Sadeh M, River Y, Argov Z
Department of Neurology, Sheba Medical Center, Tel Hashomer, Israel.
Muscle Nerve. 1997 Jun;20(6):735-9. doi: 10.1002/(sici)1097-4598(199706)20:6<735::aid-mus11>3.0.co;2-t.

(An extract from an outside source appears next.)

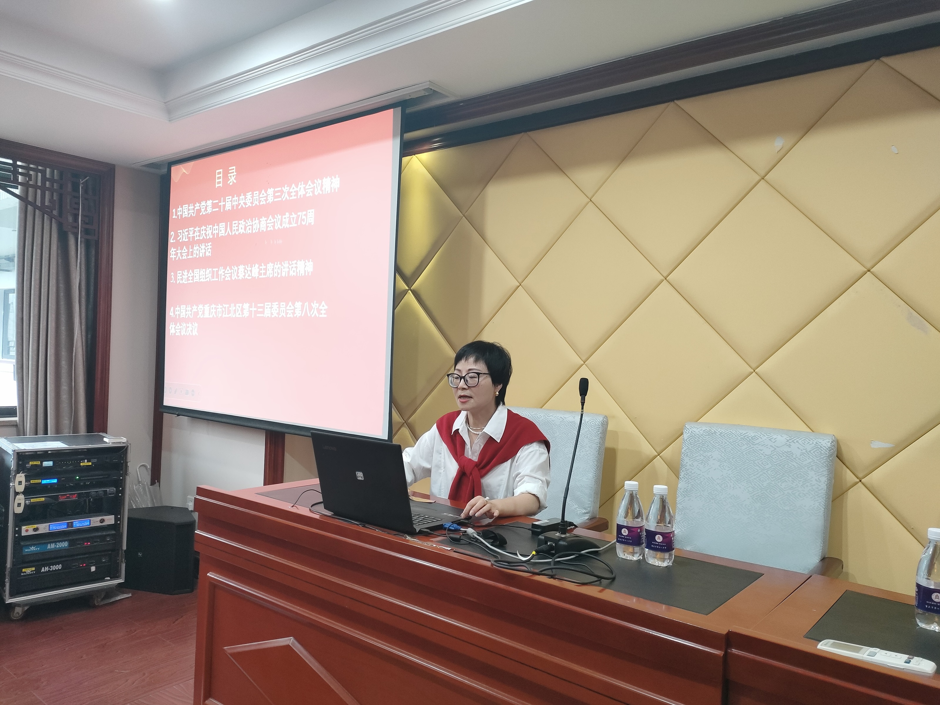 会上集体学习了中共二十届三中全会精神、习近平总书记在庆祝中国人民政治协商会议成立75周年大会上的重要讲话精神、民进中央主席蔡达峰在民进全国组织工作会议上的讲话精神等,并就中共江北区十三届八次全会决议作了分析讲解。

A patient with LEMS unrelated to cancer was studied by stimulated single-fiber electromyography (SFEMG) before and 3 months after the onset of therapy with 3,4-diaminopyridine. All end-plates showed a progressive reduction in blockings and jitter with the increase in stimulation rate. Treatment significantly corrected this feature, but the overall pattern of frequency-improved jitter remained. Such widespread finding is rare but diagnostic for Lambert-Eaton myasthenic syndrome. Stimulated SFEMG can be used to monitor therapy in such patients.
一名与癌症无关的兰伯特-伊顿肌无力综合征(LEMS)患者,在接受3,4-二氨基吡啶治疗前及治疗开始3个月后,接受了单纤维肌电图(SFEMG)检查。随着刺激频率增加,所有终板的阻滞和颤抖均呈进行性减少。治疗显著纠正了这一特征,但频率改善的颤抖总体模式仍然存在。这种广泛存在的表现虽罕见,但对兰伯特-伊顿肌无力综合征具有诊断意义。刺激SFEMG可用于监测此类患者的治疗情况。